'''

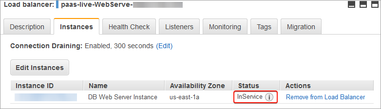 - スタックが配布されるのを待ちます。通常、この処理は最低でも40分かかります。負荷分散装置で DB Web サーバー・インスタンスが InService としてリストされたら、次のステップに進むことができます。
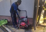 Die Grube wurde mittels Vakuumfass ausgepumpt. Ein Lüfter wurde gesetzt um Frischluft in die Güllegrube einzublasen. Ein Kamerad stieg mit Vollkörperanzug zu dem Tier ab, um es mit 2 Bandschlingen zu fixieren. Nach einigen Versuchen war es möglich das Tier anzuheben und mit vereinten Kräften aus der etwa 60x80cm großen Öffnung lebend zu heben.
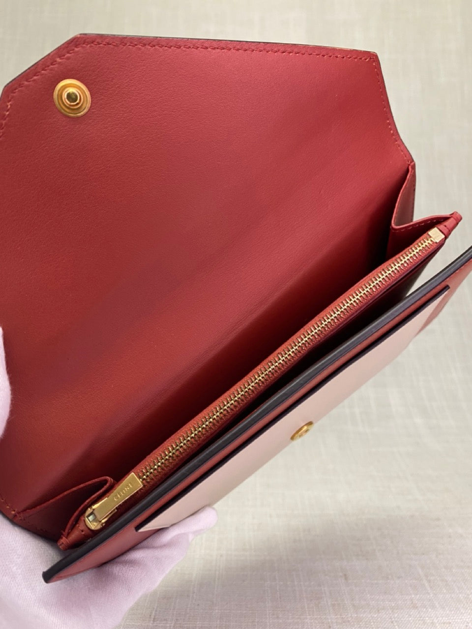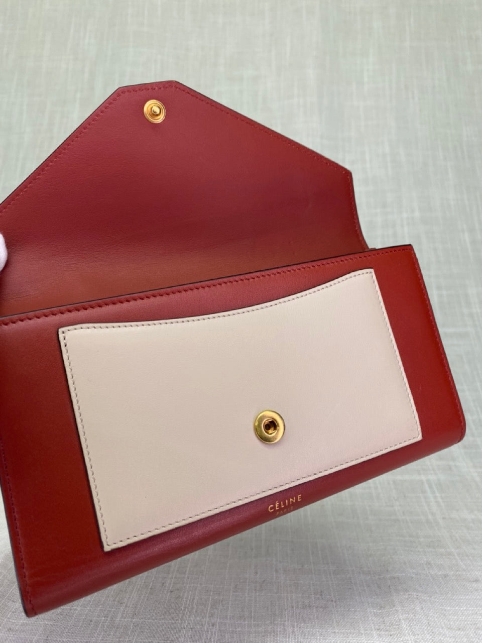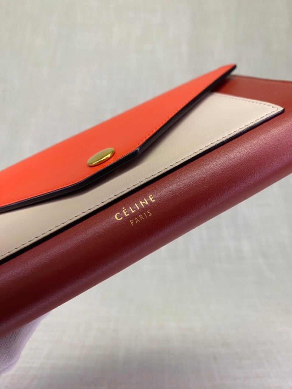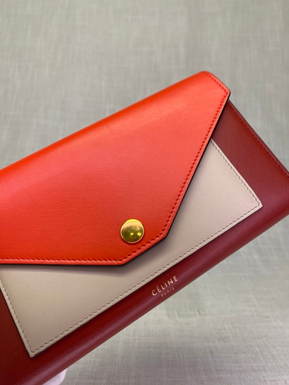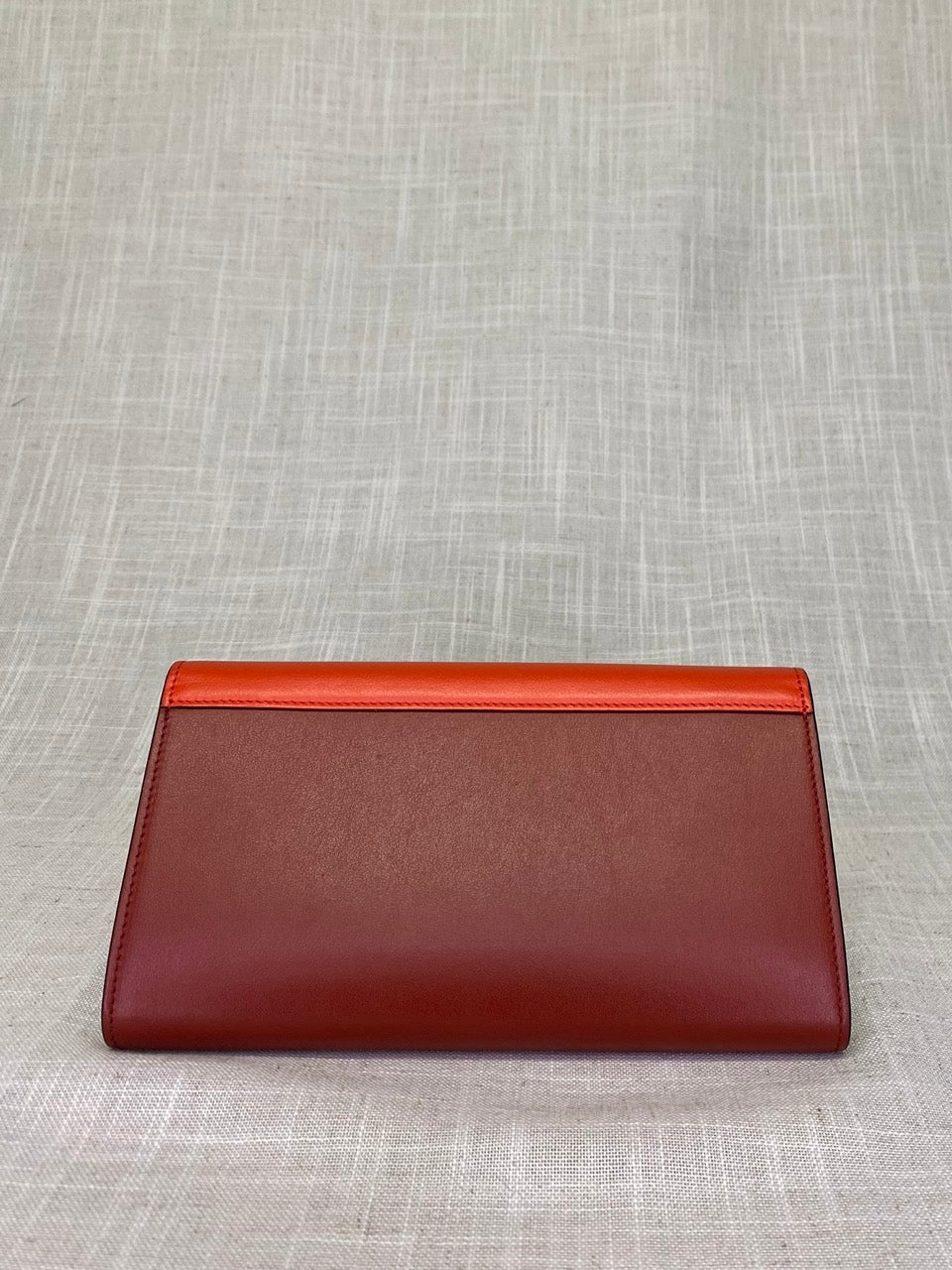 Leather Multi-Color Wallet, Vermillion, Cream, Dark Red w/ Goldtone Hardware
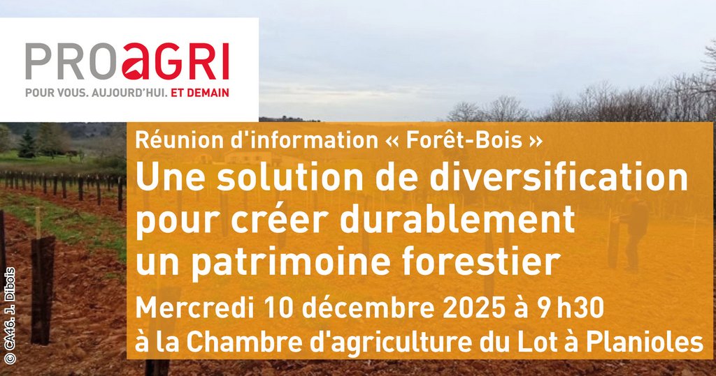 Réunion d'information "Forêt-bois" : Une solution de diversification pour créer durablement un patrimoine forestier. Mercredi 10/12/2025 à 9h30 à la chambre d'agriculture du Lot à Planioles
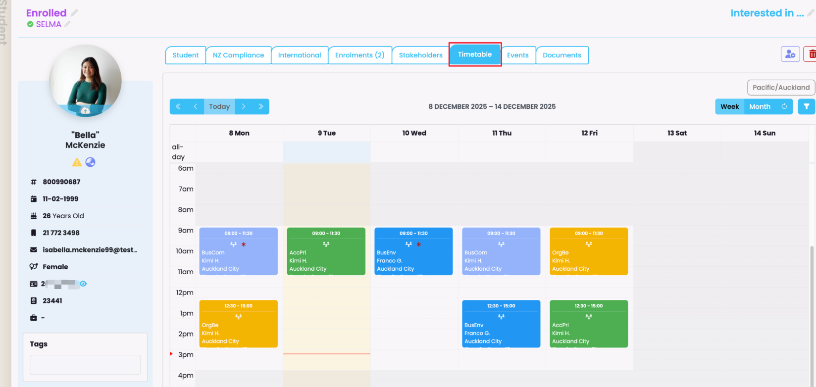 In the Timetable Tab, you can view current and future Component sessions for a Student (Figure 12.).

'''

■ Task statement ■
The line containing "Die Grube wurde" and every line after it, up to the last line of the data, should be returned exactly, without the pictures.

■ Finished exercise ■
 Die Grube wurde mittels Vakuumfass ausgepumpt. Ein Lüfter wurde gesetzt um Frischluft in die Güllegrube einzublasen. Ein Kamerad stieg mit Vollkörperanzug zu dem Tier ab, um es mit 2 Bandschlingen zu fixieren. Nach einigen Versuchen war es möglich das Tier anzuheben und mit vereinten Kräften aus der etwa 60x80cm großen Öffnung lebend zu heben.
 Leather Multi-Color Wallet, Vermillion, Cream, Dark Red w/ Goldtone Hardware
 Réunion d'information "Forêt-bois" : Une solution de diversification pour créer durablement un patrimoine forestier. Mercredi 10/12/2025 à 9h30 à la chambre d'agriculture du Lot à Planioles
 In the Timetable Tab, you can view current and future Component sessions for a Student (Figure 12.).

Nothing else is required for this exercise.